В стихотворении содержится не только противопоставление акцентно-грамматических форм. Устранение оппозиции 'норма — не норма' мотивировано готовностью пассажиров приспособить свою речь к ситуации ради достижения цели (в данном случае движения): А кондуктора́м оплотим. «Люди говорят так, чтобы не вступать в конфликт с социальной средой (соответствовать принципу “спасительной мимикрии”)» [Степанов: 94]. Грамотный человек чувствует, где как уместнее или выгоднее говорить. А может быть, здесь, наоборот, изображается растерянность пассажиров, вызванная противоречивыми ощущениями их социального превосходства и зависимости.
Если, по концепции Ю. М. Лотмана, правила в средневековом сознании воспринимались как идеал, а в романтическом сознании — как пошлость [Лотман: 83], то в сознании современного поэта они, пожалуй, оказываются прежде всего предметом рефлексии — недоверия, сомнения, нетривиальной интерпретации. Неправильности не отвергаются, а семантизируются в художественном тексте.
М. Эпштейн предполагает, что на рубеже ХХ и ХХI вв. цивилизация становится прото-вариативной (прото-плюральной):
Дальнейшее развитие цивилизации ведет от универсума к мультиверсуму, умножению альтернативных способов существования каждого индивида, способного выбирать для себя разнообразные формы воплощения. Подобно тому как одна и та же информация может передаваться в виде записи от руки, печатного текста, устной речи, двоичного цифрового кода, аналоговой проекции и светового луча, так и любой вид существования сможет «пресуществляться», менять свою форму, «клонироваться», создавать множественные варианты себя [Эпштейн 2004: 144–145].

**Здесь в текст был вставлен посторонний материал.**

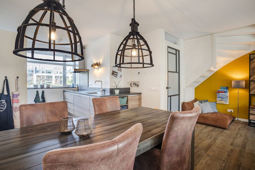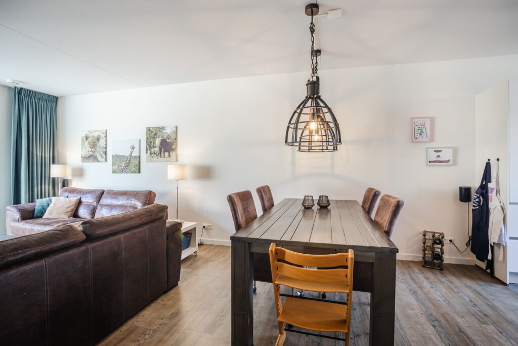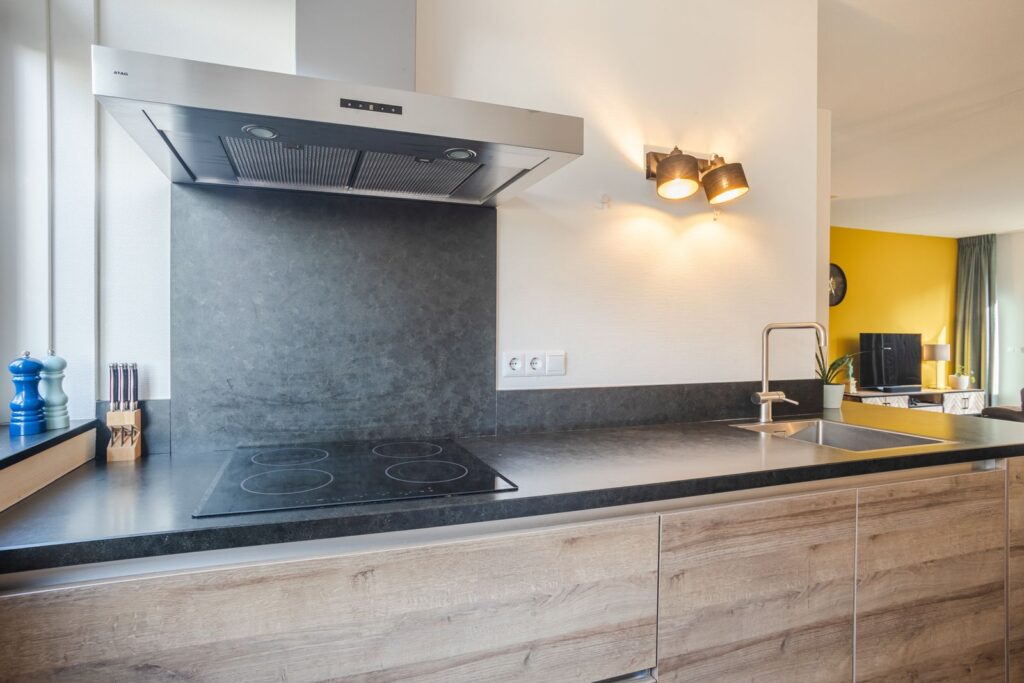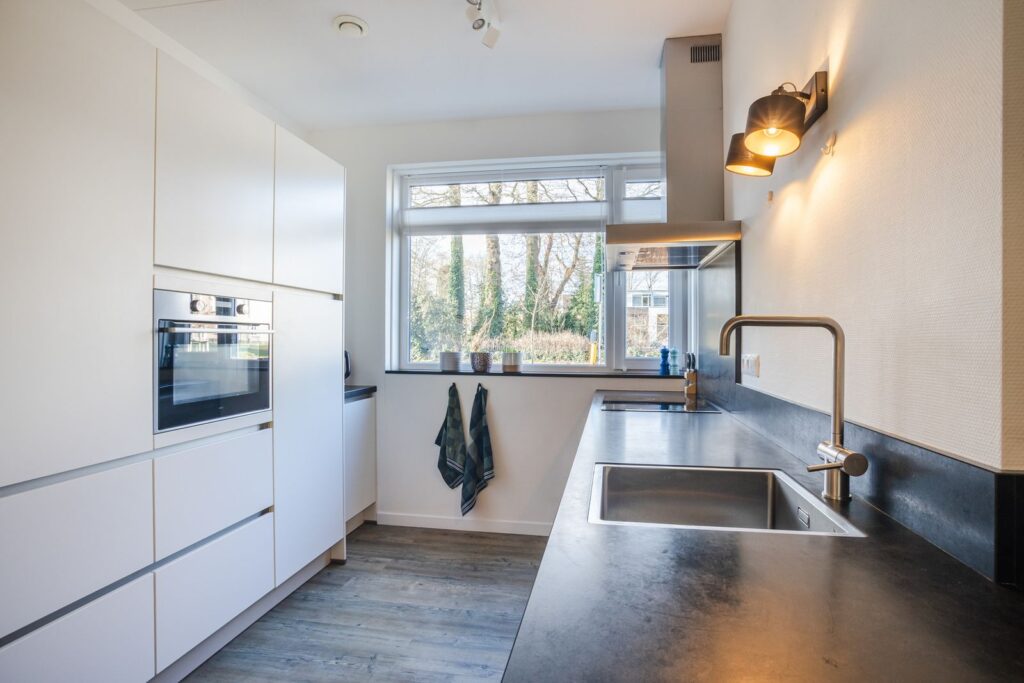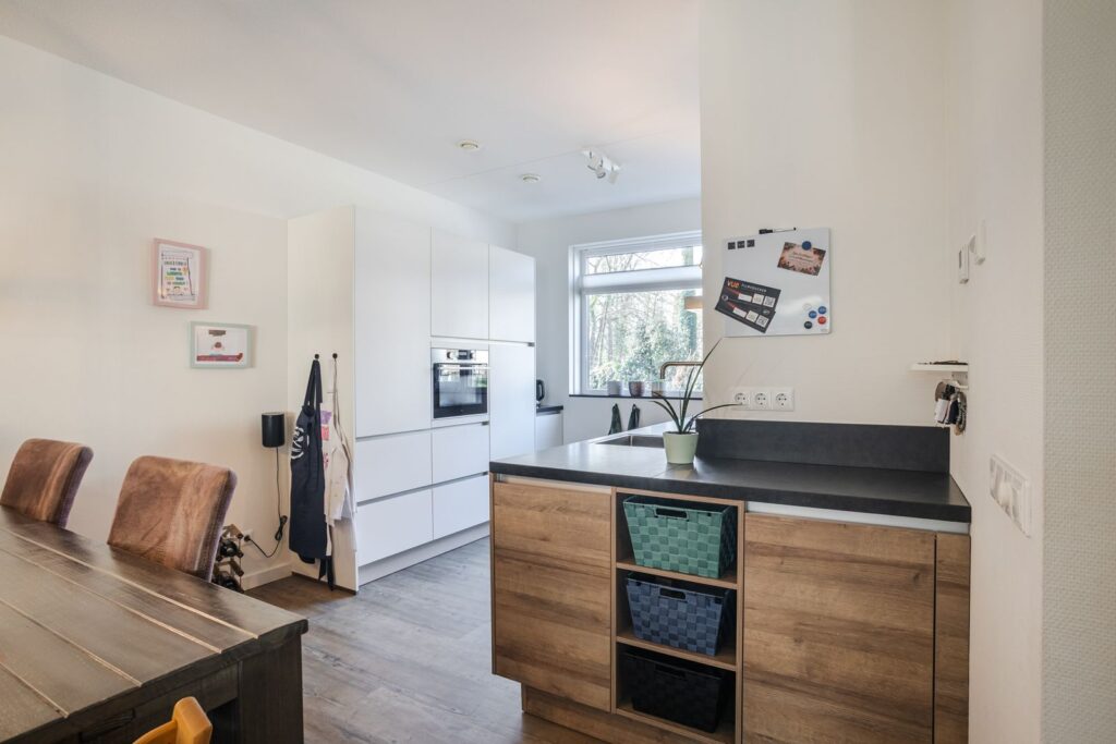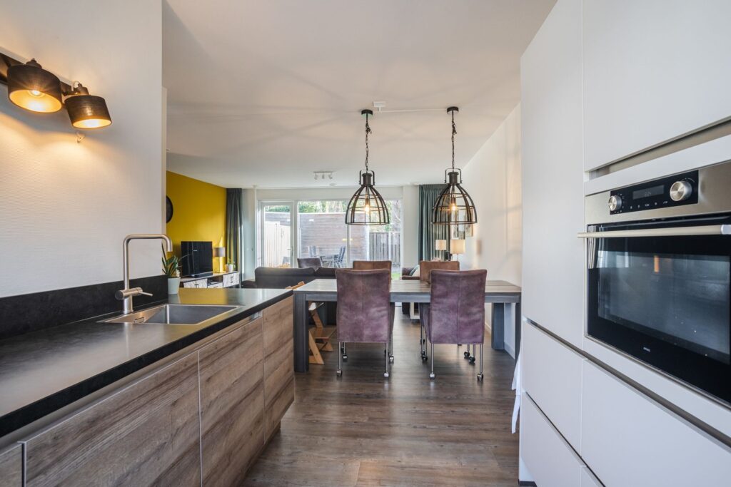 Aan de voorzijde bevindt zich de moderne open keuken, compleet uitgerust met onder andere inductiekookplaat, afzuigkap, combi-oven, koelkast, vriezer en vaatwasser. Een fijne leefruimte waar koken, eten en ontspannen samenkomen.
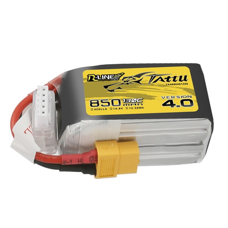 Tattu R-Line Version 4.0 850mAh 4S 14.8V 130C Lipo Battery Pack with XT60 Plug

Последний текст, на который хочу обратить внимание, говоря о рефлексии, сопровождающей номинацию, связан с употреблением имен нарицательных, которые сохраняют живую память о своем происхождении от имен собственных:
Д. Воденникову
Прости меня, моя бритва,
что я забыл твоё имя!
Когда вдруг спросил меня Дима,
я смешался, назвал другое —
чужое красивое имя.
Потом мне приснилась ночью
чужая красивая бритва,
возможно, Димина бритва,
хоть я её так и не видел. <…>
А ты, Дима, не думай,
что звать мою бритву Браун,
так же как и твою,
так и не виденную мною бритву.
Нет! звать мою бритву Филипс!
Филипс и только Филипс!
И всем назови, кто ни спросит,
её милое тёплое имя! <…>
Эти стихи — не реклама.
Это тоска моя, Дима!
Но, увы, ничего не поправишь,
ведь я предал, назвав её Браун... [Левин 2001: 79].
Во-первых, заметим, что и Филипс и Браун — это наименования заимствованные, относительно недавно появившиеся в русском языке для называния бытовой техники от разных фирм-производителей. А. В. Суперанская отмечала, что раньше антропонимы использовались в качестве товарных знаков в капиталистических странах, а «в социалистических странах, где нет частного капитала, эту функцию выполняли топонимы» [Суперанская: 24]. Во-вторых, это имена собственные, ставшие нарицательными. Человек и машина (точнее, машинка повседневного домашнего обихода) объединились в слове. Левин очеловечивает даже рекламу, навязывающую выбор предметов, внедряющую в сознание слова-брэнды. Рядовому потребителю в общем, безразлично название приборов, равно хорошо выполняющих свою утилитарную функцию. Но рекламная магия делает свое дело успешно, вызывая изменения в языке: раньше брились не харьковом и не спутником, а бритвой (безликие названия ни о чем не говорили пользователю), а теперь бреются не бритвой, а брауном или филипсом. Левин забавляется внушенной практикой подобных наименований, но и ее готов принять в свой мифологизированный и опоэтизированный мир: обратим внимание, что в стихотворении говорится об имени, а не о названии, и бритву не называют, а зовут: хорошая вещь любима, как существо. Кроме того, если предмет назван именем человека, то, по поэтической логике Левина, и отношение к нему должно быть, как к человеку. Реклама постоянно использует эротическую образность, стараясь внушить потенциальному покупателю, что приобретение товара приведет его к успехам в интимной жизни. Лирический герой стихотворения и обращается к бритве, как к любимой женщине, перед которой провинился. Стихотворение тоже переполнено эротическими образами.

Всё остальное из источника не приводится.